In a 2022 photo-essay, Belal documented the underground electronic-music scene in Syria through the platform Underground House Syria (UGH), which started in 2017 in Tartus and moved into Damascus in 2018. Despite living in a war-torn country where leisure culture seems detached from daily survival, the author shows how young Syrians persist in seeking freedom, socialising and creating a space for music and community. The UGH collective provided a rare social outlet amid war-related hardship, organising events and collaborating regionally (Lebanon, Jordan) and giving Syrian artists access to expression. In capturing these moments, Belal sayid he feels both “freedom” and “responsibility” — using his camera to document a side of Syrian life that resists reductive war imagery and shows people reclaiming joy and identity.

In 2023, Belal published a photo-essay on women's lives and their rights in Syria. Commenting on these images, he highlighted how Syrian women are subject to many kinds of pressures: from social norms, religious frameworks, economic hardship, and the war’s upheaval. He noted that many women had to scale back their working lives, give up certain rights, and prioritise their children’s welfare above their own ambitions. He further pointed out that since the conflict that began in 2011, women in Syria — especially in front-line or displaced settings — have faced increased risks: sexual assault, displacement, detention, domestic violence, child marriage, reduced access to schooling and healthcare.

After the 2023 Turkey–Syria earthquake and commissioned by a Swiss Christian NGO, Belal travelled to Aleppo to capture the aftermath of the earthquake through photos, videos and interviews. His work depicts Franciscan monasteries and schools full of people in need of help, and reveals the personal stories of the children and adults who sought shelter there. It provides an insight into everyday life in the aftermath of the disaster.

After the civil war, Belal has commercially published his photographs and videos online at Getty Images. Among other scenes, these include videos, sometimes taken with the help of an aerial drone, of the traditional Feast of the Cross celebration in the Syrian Christian town of Maaloula, Muslims in the Umayyad Mosque in Damascus performing Eid al-Adha prayers and former prisoners in Sednaya prison celebrating freedom and calling for justice.

Apart from his documentary photography of public life, Belal published two series of pictures showing nude bodies in 2022.

== Exhibitions ==
- Looking For Truth, Dar Al-Nimr, Beirut, July 2018
- Beirut Image Festival, Open Door, Beirut, November 2019
- Connexion Festival Building Bridges, Rome, Italy, December 2019
- Vantage Point Sharjah 8, Sharjah Art Foundation , UAE, August 2020
- Chemistry Of  Feeling, Gulf Photo Plus, UAE, July 2021
- I Feel Longing, Sierre, Switzerland, December 2022
- I Feel Longing, Dar al Mussawir, Beirut, 2023
- Moments Of  Being, Matossian Gallery, Haigazian University, Beirut, Lebanon, September 2023

== Reception ==
Belal belongs to a generation of Syrian photographers who document the country’s transformation from within rather than from exile.
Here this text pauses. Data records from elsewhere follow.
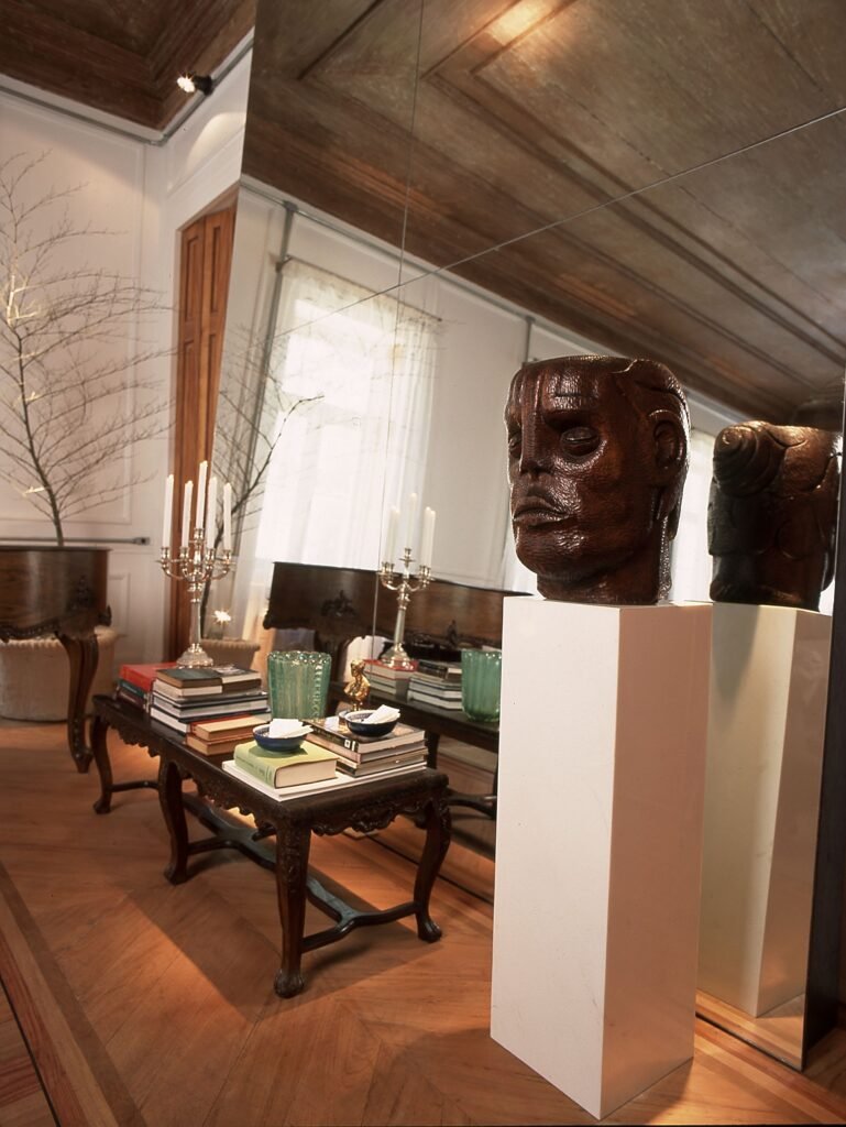 A presença de obras de arte de grande relevância reforça o caráter sofisticado do living, como a escultura de uma cabeça assinada por Mário Cravo, que se destaca como ponto focal e confere densidade cultural ao ambiente.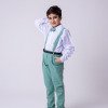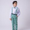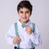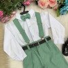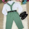 TECIDO CAMISA SOCIAL MANGA LONGA : MICROFIBRA 100%TECIDO DA CALÇA: 70% POLIESTER, 16% VISCOSE, 11% LINHO,3%ALGODÃO   Conjunto composto por: Camisa Social na cor Branca, Gravata Borboleta na cor verde, Cinto na Cor preto,Suspensório e Calça na cor verde. Demais peças ou acessórios, não inclusos.   BATIZADO,PAGEM,NOIVINHO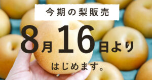 今季の梨販売終了のお知らせ 2025 5/21 販売情報 2025年2月24日2025年5月21日 今季の梨販売は終了いたしました。 販売情報 梨販売開始のお知らせ 関連記事 梨販売開始のお知らせ 2025年2月12日

His integration of ethnographic perspective with documentary photography has been recognised as contributing to broader understandings of post-war Syrian society. Belal has worked for the Turkish Anadolu Agency, and his images have been published by The Washington Post, the UK-based news organization Middle East Eye, and the French La Croix newspaper, among others. His photo-essays have appeared in international publications including US-based Lens Magazine, Dutch NOOR photo agency, and Swiss Fairpicture non-governmental organization and have been presented in exhibitions in the Middle East and Europe.

In December 2022, Belal was invited to an artistic residence programme resulting in a solo exhibition in Sierre, Switzerland, where he documented scenes from the lives of immigrants from Ukraine, Syria and Afghanistan.